# 02: Feature Extraction - The Fast Solution

**Course:** 21CSE558T - Deep Neural Network Architectures  
**Module 4:** CNNs & Transfer Learning (Week 12)  
**Estimated Time:** 8-10 minutes  
**Prerequisites:** Notebook 01  
**Goal:** Use transfer learning to achieve 88-92% accuracy

---

## 📚 What You'll Learn

In this notebook, you will:
1. Load ResNet50 pre-trained on ImageNet (1.2M images)
2. Freeze the base model (25M parameters)
3. Train only the final classifier layer
4. Achieve **88-92% accuracy** with same 3,000 images!

**Key Message:** _"Don't reinvent the wheel - borrow knowledge from ImageNet!"_

---

In [None]:
# Setup
import tensorflow as tf
import tensorflow_datasets as tfds
import numpy as np
import matplotlib.pyplot as plt
from tensorflow.keras.applications import ResNet50
from tensorflow.keras import Sequential
from tensorflow.keras.layers import GlobalAveragePooling2D, Dense

print(f"✅ TensorFlow: {tf.__version__}")
print("✅ Ready to see transfer learning magic!\n")

## Step 1: Load Same Dataset (TF Flowers)

We'll use the EXACT same dataset as Notebook 01 to prove transfer learning works!

In [None]:
# Load flowers dataset
(train_ds, val_ds), info = tfds.load(
    'tf_flowers',
    split=['train[:80%]', 'train[80%:]'],
    as_supervised=True,
    with_info=True
)

num_classes = info.features['label'].num_classes
class_names = info.features['label'].names

# Preprocess for ResNet50 (224×224 input required)
IMG_SIZE = 224  # ResNet50 default
BATCH_SIZE = 32

def preprocess(image, label):
    # Resize to 224x224
    image = tf.image.resize(image, (IMG_SIZE, IMG_SIZE))
    
    # IMPORTANT: Use ResNet50's preprocessing function!
    # This applies ImageNet-specific preprocessing (RGB->BGR, zero-centering)
    image = tf.keras.applications.resnet50.preprocess_input(image)
    
    return image, label

train_ds = train_ds.map(preprocess).batch(BATCH_SIZE).prefetch(tf.data.AUTOTUNE)
val_ds = val_ds.map(preprocess).batch(BATCH_SIZE).prefetch(tf.data.AUTOTUNE)

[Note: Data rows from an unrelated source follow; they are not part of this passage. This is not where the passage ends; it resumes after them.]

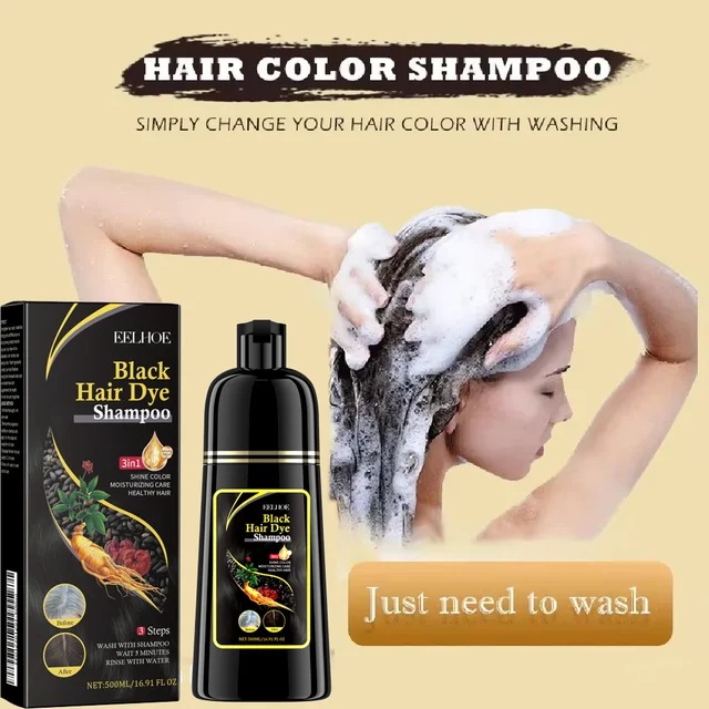 Natural Herbal Hair Dye Shampoo 3 in 1 Change Hair Color Gray Hair to Dark Brown Black Deep Nourishing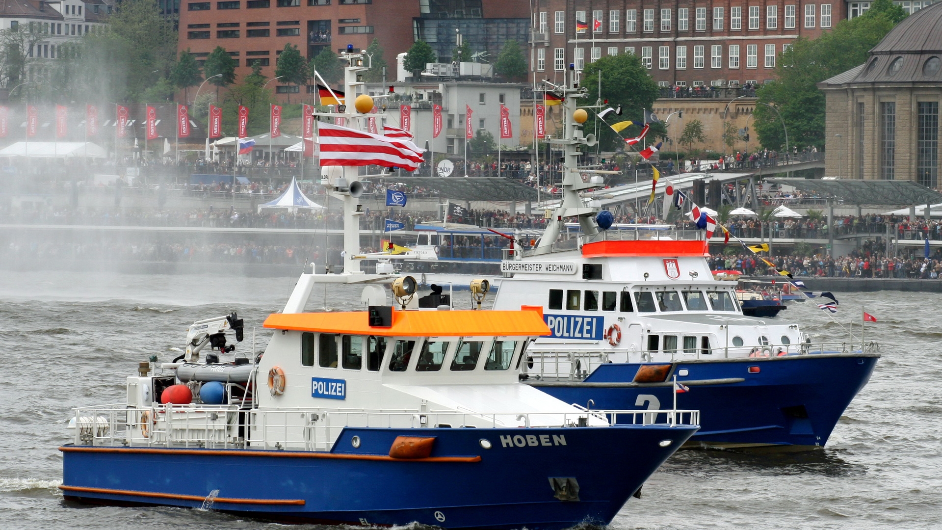 Description: A couple of boats that are in the water near each other in the water with a lot of people on it.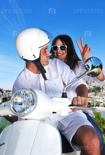 Счастливая молодая пара на скутере летом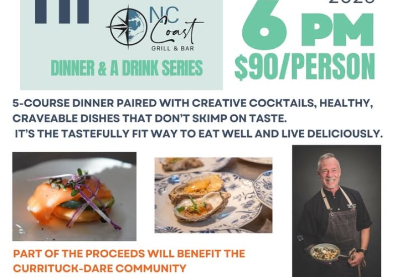 Healthy, flavor-packed dishes. Coastal cocktails. A portion of proceeds supporting the Currituck-Dare Community Foundation.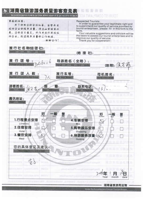 1月份,長(zhǎng)沙張女士一行7位貴賓與湖南西部(張家界)中國(guó)國(guó)際旅行社工作人員——張群取得聯(lián)系,經(jīng)過(guò)商談,雙方達(dá)成協(xié)議并簽訂旅游合同,于1月16日抵達(dá)張家界,開(kāi)始張家界之旅。此次行程是由我社優(yōu)秀導(dǎo)游——侯芳菲負(fù)責(zé)旅游接待工作,侯在旅游過(guò)程中講解詳細(xì),客人也很滿(mǎn)意。同時(shí)也感謝張女士一行貴賓選擇湖南西部(張家界)中國(guó)國(guó)際旅行社,以及您對(duì)湖南西部國(guó)旅的信任與支持。我們會(huì)繼續(xù)努力,做好旅游接待工作。期待下一次與您的合作,祝您愉快!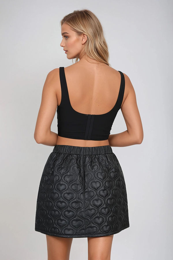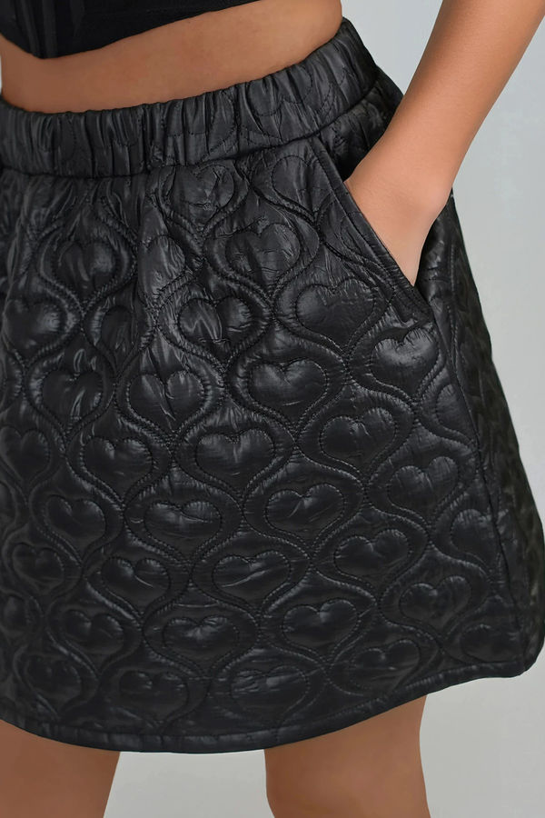 Fall head over heels for the Love Locked Leather Mini Skirt in Black. With its faux leather heart-quilted design and flattering high-waist fit, this skirt is all about mixing sweet with fierce. Dress it up with a sleek bodysuit or keep it cool with a cropped sweater—either way, it’s your new statement piece for stealing hearts and turning heads.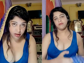 Pakistani woman flaunts her ample bosom in front of the camera

print("✅ Same 3,000 flowers dataset loaded!")
print(f"   Classes: {class_names}")
print("\n🔑 Using ResNet50-specific preprocessing!")

## Step 2: Load Pre-trained ResNet50

**The Magic Step!**

We'll load ResNet50 that was trained on ImageNet:
- **Training data:** 1.2 million images, 1,000 categories
- **Training time:** 2 weeks on 8 GPUs
- **Training cost:** ~$15,000
- **Our cost:** FREE! (We download pre-trained weights)

Watch for the download message...

In [None]:
# Load ResNet50 pre-trained on ImageNet
print("📥 Loading ResNet50 pre-trained weights...")
print("   (This downloads 98 MB - first time only)\n")

base_model = ResNet50(
    weights='imagenet',        # 🔑 KEY: Use ImageNet pre-trained weights!
    include_top=False,         # Remove ImageNet classifier (1000 classes)
    input_shape=(IMG_SIZE, IMG_SIZE, 3)
)

print("\n✅ ResNet50 loaded with ImageNet knowledge!")
print(f"   Total parameters: {base_model.count_params():,}")
print("\n   This model already learned:")
print("   🔸 Edges, textures, colors (early layers)")
print("   🔸 Shapes, patterns (middle layers)")
print("   🔸 Object parts (deep layers)")
print("\n   These features work on ANY image - including flowers!")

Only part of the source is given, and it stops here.